= Beginning of Section =

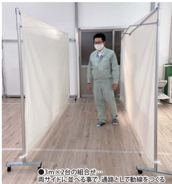
●3m×2台の組合せ… 両サイドに並べる事で、通路として動線をつくる
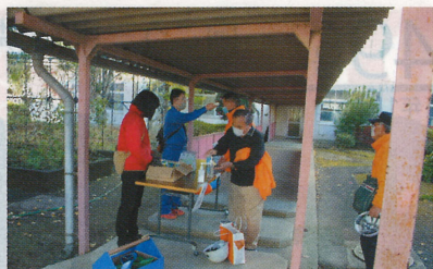
アルコール消毒と検温・避難者受付
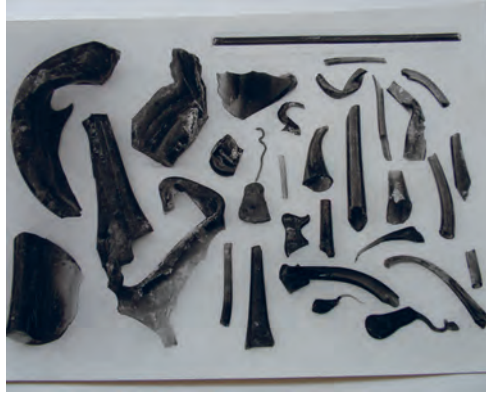
Pièces et coulées de verre retrouvées au Sclage dans les années 1950

Bousval et Cérroux-Mousty virent s'installer des verreries fondées par les familles Colnet et de Ferri (seigneur de Moriensart), l'une originaire de Thiérache et l'autre provenant du Hainaut. Ils produisirent du menu verre (gobelets). Les maîtres verriers de Hennezel, originaires de Lorraine, exploitèrent des fours à grand verre (verre plat) à Wez. En 1621, ils furent bannis comme réformés par les archiducs Albert et Isabelle.
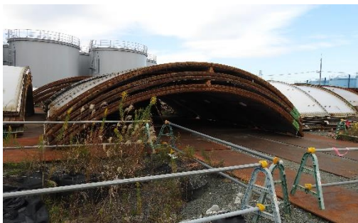
(写真2-1) 屋外一時保管場所(側板) (エリア東側から撮影)
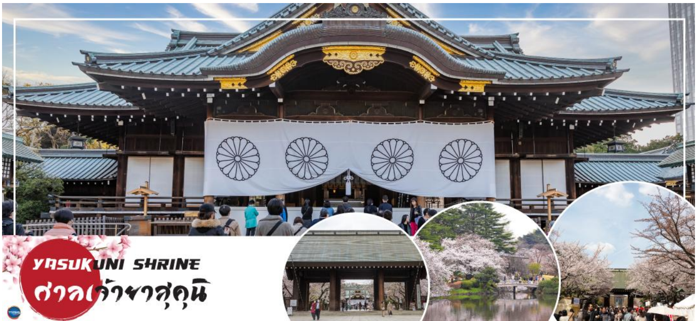
YASUKUNI SHRINE ศาลเจ้าياسุกุณี

วันที่สี่ เมืองนาริตะ – กรุงโตเกียว – ศาลเจ้าياسุกุณี (จุดชมซากุระขึ้นกับภูมิกากาศ) – ย่านโทโยสุ เซนเดย์คุ บันไร – ชมแมวยักษ์ 3 มิติ พร้อมช้อปปิ้ง ย่านชินจูกุ – เมืองนาริตะ
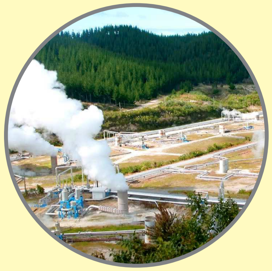
โรงงานไฟฟ้าพลังงานความร้อนใต้พิภพ (Geothermal power plant)

“พลังงานใต้พิภพ” ขุมทรัพย์สำคัญที่เกิดจากการบ่มเพาะทางธรรมชาติ จนได้ออกมาเป็นแหล่งพลังงานสำคัญ 3 รูปแบบ คือ “พลังงานความร้อนใต้พิภพ ปิโตรเลียม และถ่านหิน”
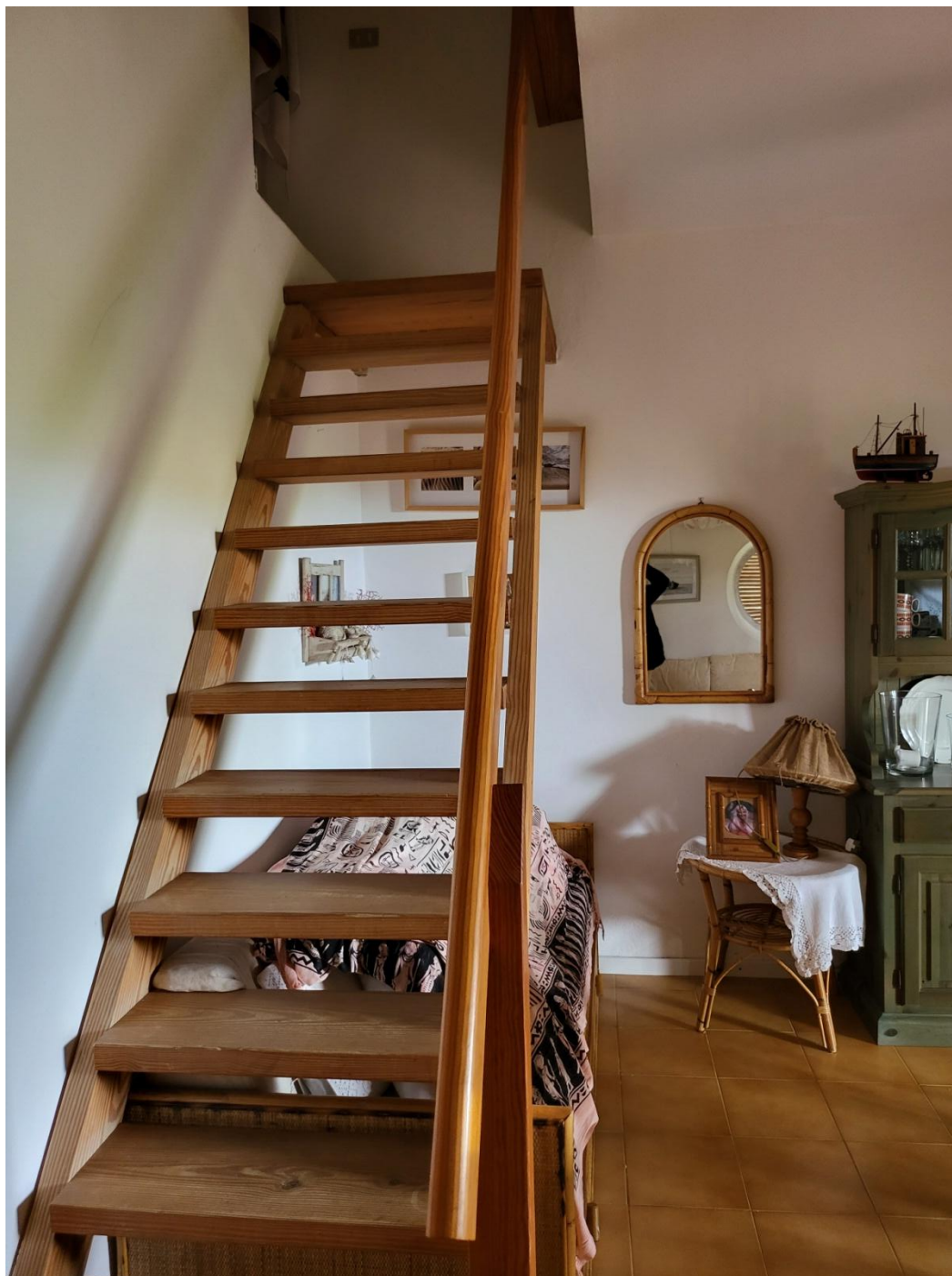
Foto 11- Scala di accesso al piano superiore
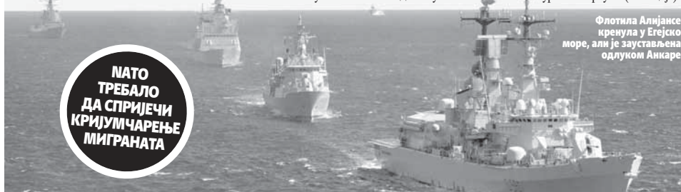
Флотила Алијансе кренула у Егејско море, али је заустављена одлуком Анкаре

АНКАРА - Бродови НАТО-а, послати у Егејско море како би надзирали миграциске путеве Турске и Грчке нису распоређени у
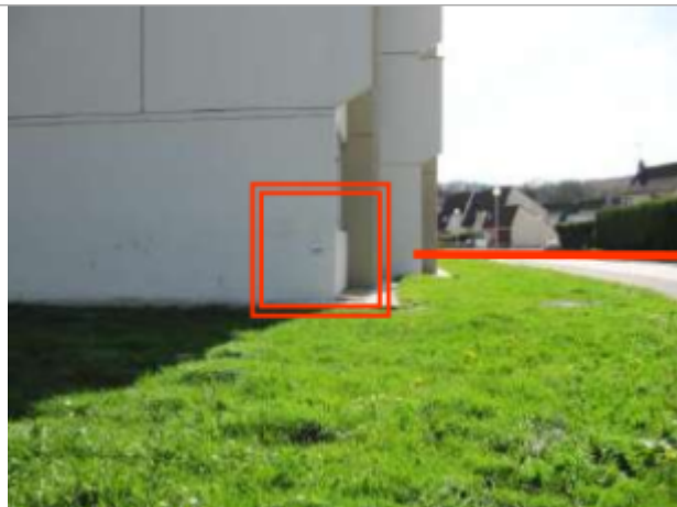
Bâtiment E5 résidence des Chauffours

= End of Section =

Look for the word "าياس" in the data, then return every line that contains it.

*RESULT:*
YASUKUNI SHRINE ศาลเจ้าياسุกุณี
วันที่สี่ เมืองนาริตะ – กรุงโตเกียว – ศาลเจ้าياسุกุณี (จุดชมซากุระขึ้นกับภูมิกากาศ) – ย่านโทโยสุ เซนเดย์คุ บันไร – ชมแมวยักษ์ 3 มิติ พร้อมช้อปปิ้ง ย่านชินจูกุ – เมืองนาริตะ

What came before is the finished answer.